MetaMapLite 2016 3.0 SNAPSHOT

Example MetaMapLite Servlet

Documentation

MetaMapLite README Documentation

MetaMapLite Source Code

Publications

MetaMap Lite: an evaluation of a new Java implementation of MetaMap. Demner-Fushman D., Rogers WJ, Aronson AR. JAMIA. Volume 24, Issue 4, July 2017. DOI: 10.1093/jamia/ocw177. URL: https://academic.oup.com/jamia/issue/24/4. ALT URL: https://www.ncbi.nlm.nih.gov/pubmed/28130331.

Sources

The Source code for MetaMapLite is supplied with the distribution in the directory public_mm_lite/src. The source code is also available at the MetaMapLite Github Page.

Terms and Conditions

1. Informational Notice:

This software, "MetaMap and MetaMap Tools" was developed and funded by the National Library of Medicine, part of the National Institutes of Health, and agency of the United States Department of Health and Human Services, which is making the software available to the public for any commercial or non-commercial purpose under the following open-source BSD license.

NOTE: Users of the data distributed with MetaMap and MetaMap Tools are responsible for compliance with the UMLS Metathesaurus License Agreement which requires you to respect the copyrights of the constituent vocabularies and to file a brief annual report on your use of the UMLS. You also must have activated a UMLS Terminology Services (UTS) account.

2. LICENSE:

Government Usage Rights Notice: The U.S. Government retains unlimited, royalty-free usage rights to this software, but not ownership, as provided by Federal law. Redistribution and use in source and binary forms, with or without modification, are permitted provided that the following conditions are met:

3. Use of MetaMap and MetaMap Tools

  • Redistributions of source code must retain this Informational Notice.

  • Redistributions in binary form must reproduce this Informational Notice, this list of conditions and the following disclaimer in the documentation and/or other materials provided with the distribution.

  • Neither the names of the National Library of Medicine, the National Institutes of Health, nor the names of any of the software developers may be used to endorse or promote products derived from this software without specific prior written permission.

  • The U.S. Government retains an unlimited, royalty-free right to use, distribute or modify the software.
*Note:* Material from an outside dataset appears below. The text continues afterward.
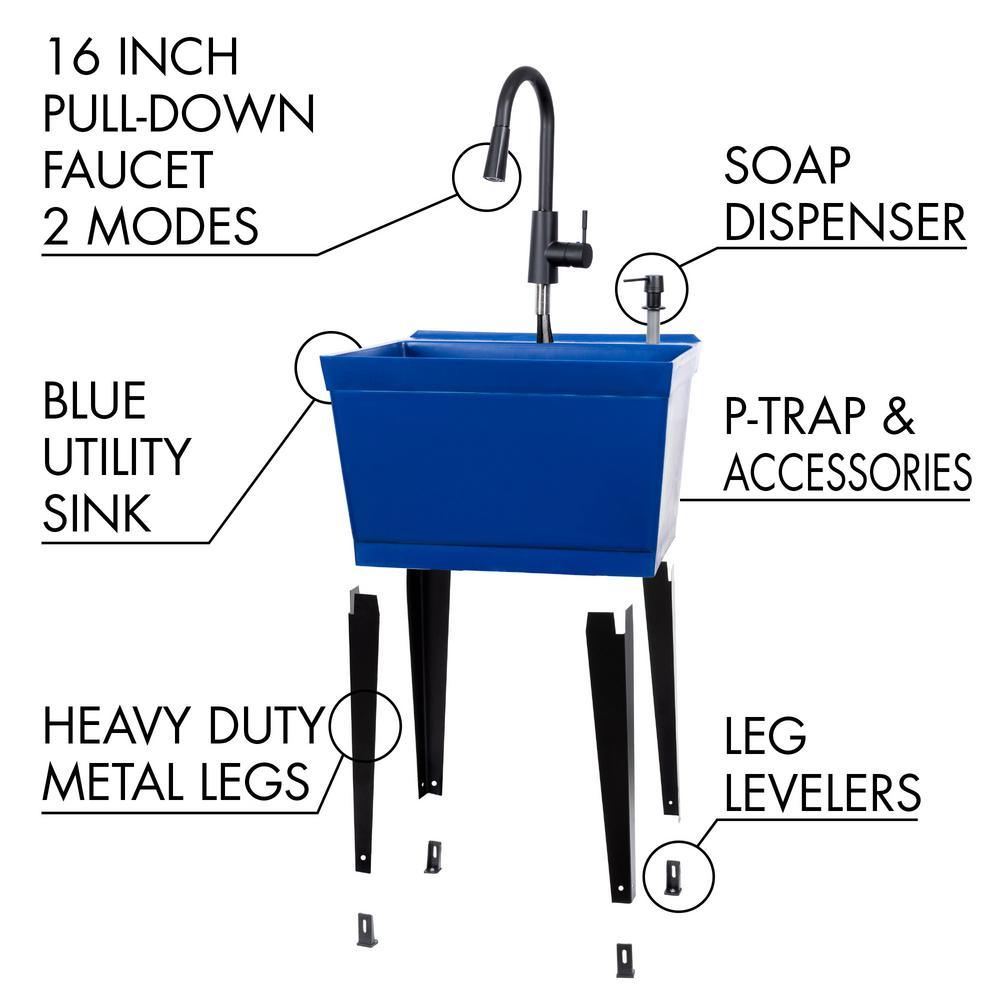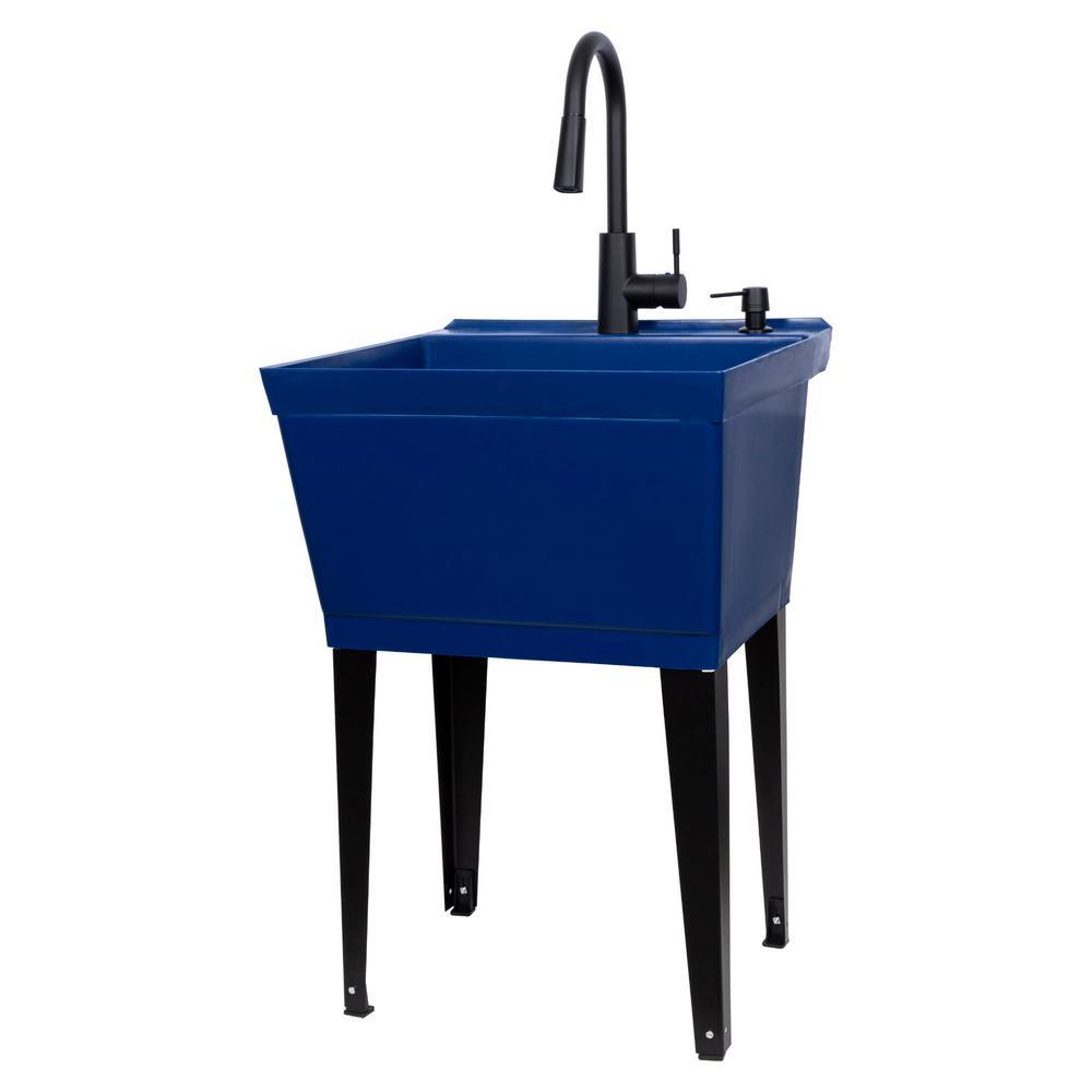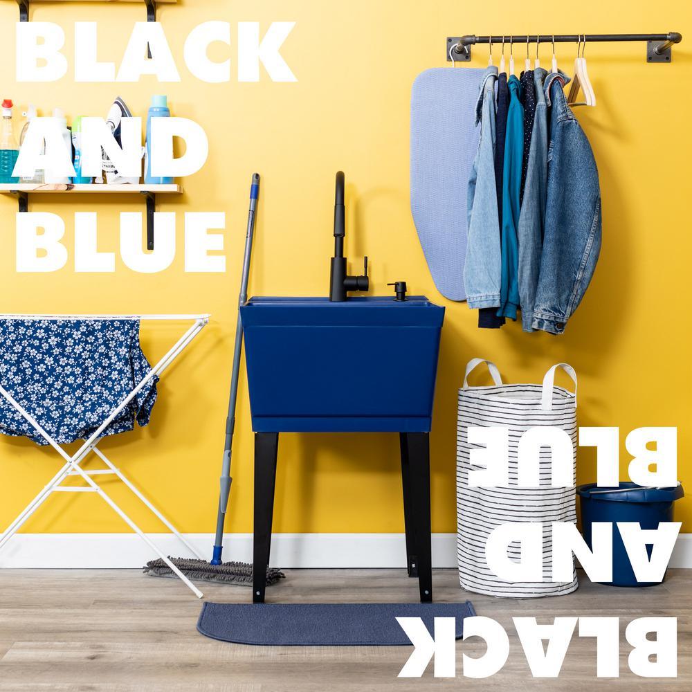 Our cutting-edge blue utility sink with a sleek black high-arc faucet, matching soap dispenser and black metal legs will add a touch of color and fun to any laundry area or utility room. This 6507 series laundry tub set comes complete with tub, high-arc pull-down faucet with integrated supply lines, matching soap dispenser, legs, drain stopper, p-trap, floor levelers, hardware and installation instructions. The faucet features a two-function pull-down sprayer that perfectly matches the soap dispenser and legs. The 19-gal. tub is made of high-quality durable thermoplastic construction with a stain-resistant wipe clean surface. Sturdy rust-proof metal legs attach easily and the included floor levelers increase stability on uneven surfaces. One-year limited warranty.

  • Please acknowledge NLM as the source of the MetaMap software by including the phrase "Courtesy of the U.S. National Library of Medicine" or "Source: U.S. National Library of Medicine."
THIS SOFTWARE IS PROVIDED BY THE U.S. GOVERNMENT AND CONTRIBUTORS "AS IS" AND ANY EXPRESS OR IMPLIED WARRANTIES, INCLUDING, BUT NOT LIMITED TO, THE IMPLIED WARRANTIES OF MERCHANTABILITY AND FITNESS FOR A PARTICULAR PURPOSE ARE DISCLAIMED. IN NO EVENT SHALL THE U.S. GOVERNMENT OR CONTRIBUTORS BE LIABLE FOR ANY DIRECT, INDIRECT, INCIDENTAL, SPECIAL, EXEMPLARY, OR CONSEQUENTIAL DAMAGES (INCLUDING, BUT NOT LIMITED TO, PROCUREMENT OF SUBSTITUTE GOODS OR SERVICES; LOSS OF USE, DATA, OR PROFITS; OR BUSINESS INTERRUPTION) HOWEVER CAUSED AND ON ANY THEORY OF LIABILITY, WHETHER IN CONTRACT, STRICT LIABILITY, OR TORT (INCLUDING NEGLIGENCE OR OTHERWISE) ARISING IN ANY WAY OUT OF THE USE OF THIS SOFTWARE, EVEN IF ADVISED OF THE POSSIBILITY OF SUCH DAMAGE.